After thirty seconds - simulating thirty years old bottle age. The
bouquet became more brooding and was not showing much at all except for dusty
oak with fruit below; in some ways it had reverted back to being closer to the
original control sample.
On the palate, the flavour profile is still showing masses of primary fruit and
whilst the wine definitely does seem a little older there is no way its 30 years
worth. The acid is still fresh that the tannins are starting to show signs of
integration. An hour later, this sample was starting to fall apart.
So how does it stack up?
In the interests of being fair, I tried the device on a number of bottles of
wine and the results seemed not to be entirely consistent. Firstly, based on my
experience of projected drinking windows, my recommendations would be at odds
with the conclusions obtained using the device.

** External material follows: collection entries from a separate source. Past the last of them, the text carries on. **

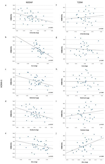 Associations between chloride, iron, selenium, sodium, and zinc intake and HOMA-S in NODAP (a–e) and T2DM (f–j). Abbreviations: NODAP = New-onset diabetes or prediabetes after acute pancreatitis. T2DM = Type 2 diabetes or prediabetes prior to acute pancreatitis. HbA1c = glycated haemoglobin. Chloride, iron, selenium, sodium, and zinc data were log transformed. Partial regression plots were adjusted for age, sex, daily energy intake, V/S fat volume, alcohol intake, smoking status, aetiology of AP, number of AP episodes, cholecystectomy, use of antidiabetic medications. Significance was set at p < 0.05.
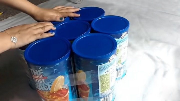 Для основы вам понадобятся любые высокие жестяные банки, например из-под гранулированного чая или чипсов. Составьте их вместе и смотайте скотчем.
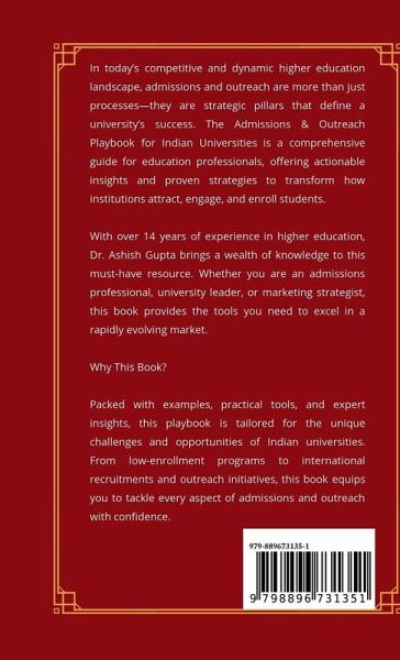 The Admissions & Outreach Playbook for Indian Universities is a definitive guide for education professionals seeking to transform their admissions and outreach strategies. Authored by Dr. Ashish Gupta, a seasoned expert with over 14 years of experience in higher education, this book offers actionable insights, practical tools, and proven frameworks tailored to the unique challenges and opportunities of Indian universities. This comprehensive playbook delves into every aspect of the admissions process-from building a winning team and crafting compelling value propositions to leveraging digital marketing, managing admissions funnels, and fostering relationships with key stakeholders. It also highlights the transformative role of technology, including data analytics, AI, and virtual engagement tools, in driving efficient and impactful admissions. Key topics include: - Designing and executing successful admissions campaigns. - Building trust and engagement with students, parents, and school counselors. - Strategies for addressing low-enrollment programs and competitive markets. Whether you are an admissions professional, university leader, or marketing strategist, this book equips you with the knowledge and strategies needed to attract the right students, build lasting relationships, and ensure institutional growth. The Admissions & Outreach Playbook for Indian Universities is a must-read for anyone passionate about shaping the future of higher education in India.

Based on my tests, there is absolutely no way that I could regard the one second
of immersion to equal one year of ageing potential as anything remotely
resembling an accurate guide; so as far as that goes, the device does not meet
its claim.
Based on the information obtained with the device, there is a reaction between
the device and the wine that “will advance the wine one year (per second)
on its oxidation-reduction curve (life), but to my way of thinking
this does not make sense, because oxidation and reduction are opposite ends of
the spectrum. Now just for a moment, lets assume the device “works” by a
chemical process which hyper quickly oxidises the wine; but, and it’s a very big
but, there is more to wine ageing than just causing an oxidative reaction.
Secondly, there is no doubt that at some test points the wine was changed but
from my perspective, and this is the important part, the wine was no more
enjoyable after it had been treated with the device.
The claim that “Clef Du Vin allows you to enjoy today the full potential of a
lay down wine, which would have otherwise waited for years” I found to be
completely unjustified.
It looks to me like it's just another wine gimmick, and at the price, an
expensive party trick. Novices will be impressed at how it changes the wine, but
in this case, changed does not necessarily mean improvement.